6. The method according to claim 5, wherein, The step of obtaining the estimated dwell time of the target user at the first location also includes: If the first location is not the first location in the preset location sequence, and the actual stay time of the target user at the second location is less than the average stay time at the second location, calculate the ratio of the actual stay time of the target user at the second location to the average stay time at the second location.

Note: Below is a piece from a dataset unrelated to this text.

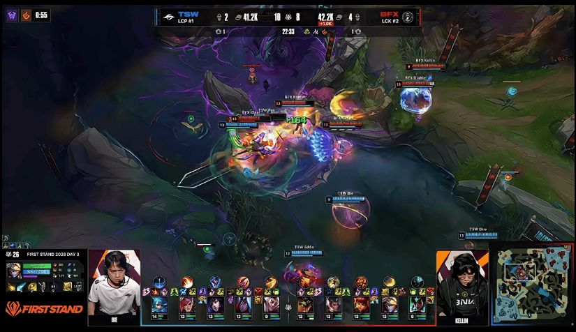 22分钟,BFX在河道打出1换3,随后拿下大龙

Based on the ratio and the average stay time at the first location, the estimated stay time of the target user at the first location is calculated.
7. An information processing apparatus, comprising: The determination module is used to determine at least one candidate vector data in a preset vector database based on the personalized tags of the target user and the tags of the first location. The candidate vector data includes media asset information related to the first location and the time information of the media asset information. The determining module is further configured to determine at least one target vector data from the at least one candidate vector data based on the time information of the media asset information in each candidate vector data; The acquisition module is used to obtain the estimated dwell time of the target user at the first location; The generation module is used to generate extended explanation content corresponding to the target user based on the target vector data when the estimated stay time is greater than or equal to a preset stay time threshold.
8. An electronic device, the device comprising: Processor and memory storing computer program instructions; When the processor executes the computer program instructions, it implements the information processing method as described in any one of claims 1-6.
9. A computer-readable storage medium storing computer program instructions that, when executed by a processor, implement the information processing method as described in any one of claims 1-6.
10. A computer program product, wherein instructions in the computer program product, when executed by a processor of an electronic device, cause the electronic device to perform the information processing method as described in any one of claims 1-6.